Friday, May 2, 2014

good reviewing

AAM recently had a post from someone who was frustrated with a manager who would only give vague (but extremely negative) feedback about her writing.

Non-specific review comments annoy me as well. They're completely unproductive. For internal review (is what this document up to snuff before it goes out the door), general comments waste the writer's time as they practice mind-reading, and for external review especially if you have a contentious relationships, they give your opponent an opening to bash away at your own credibility.

If you're going to go to the trouble to make a comment, you might as well be specific about what the problem is, even if it's "this sentence is so complicated I forgot what the subject was three lines ago".

There are very few truly "general" criticisms. Boring? Minimize the passive voice, cut down (or at least vary) your sentence and paragraph length, expand your vocabulary. Wrong writing level for the audience? Minimize jargon and use simpler/less fancy words to say the same thing (help/aid, use/utilize, find/locate). Awkward phrasing? Jump in and rearrange things.

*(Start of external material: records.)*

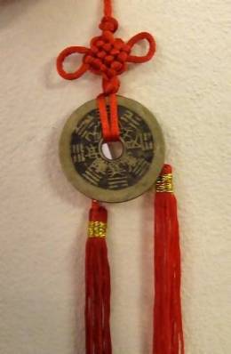 Trong phong thủy, đồng xu in hình Bát Quái là biểu tượng của sự giàu có, phát về tài lộc nhất là khi được kết bằng chỉ lụa đỏ. Đồng xu thường dùng là đồng tiền thời vua Càn Long có 2 mặt âm – dương thể hiện nguyên lý âm – dương hài hòa. Tiền hình tròn tượng trưng cho trời, ở giữa có lỗ vuông tượng trưng cho đất. Trên đồng tiền có in hình Bát Quái thể hiện đạo lý thiên – địa – nhân tương hợp tất tạo phúc và hưởng phú quý.
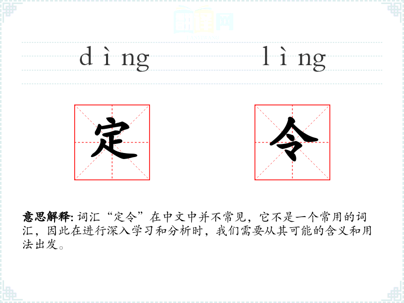 词汇“定令”在中文中并不常见,它不是一个常用的词汇,因此在进行深入学*和分析时,我们需要从其可能的含义和用法出发。
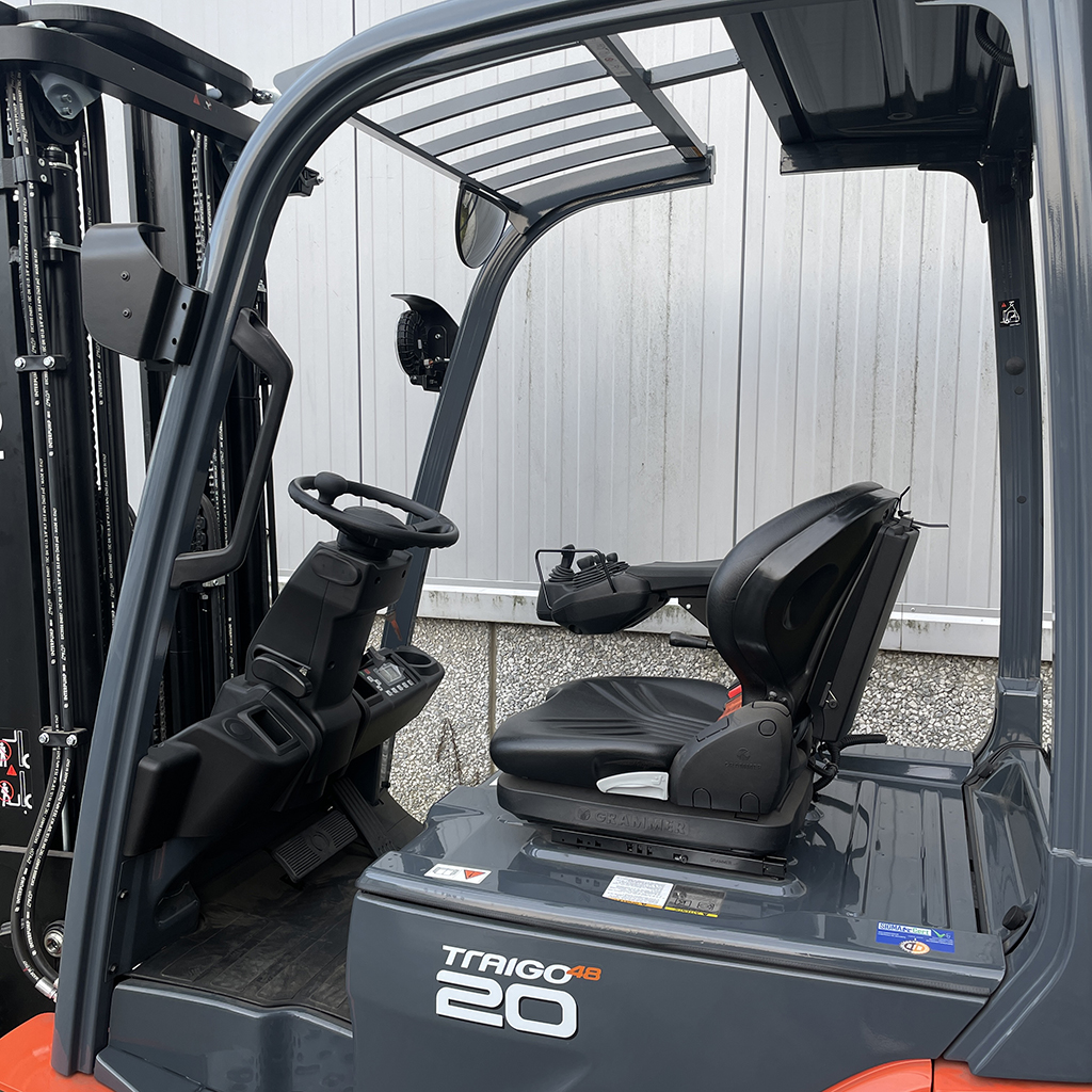 De volledig verstelbare stoel met zij- en lendesteunen, ruime beenruimte en verstelbare stuurkolom bieden elke bestuurder een ergonomische werkplek. Deze comfortvoorzieningen zorgen ervoor dat lange werksessies minder belastend zijn voor de bestuurder, wat bijdraagt aan hogere productiviteit.

One thing to keep in mind if you're feeling stymied/unappreciated as a writer: it is always harder to do the first cut. If you're trying to figure out if something's a trend or pulling together a technical explanation out of a bunch of different observations, it's sometimes hard to step back and figure out how things best flow together. Or what to cut out. That's why I always have another pair of eyes for my reports - so someone else who isn't as invested in those particular words can decide a newer, better way to phrase things.... As long as they have a specific way to phrase things.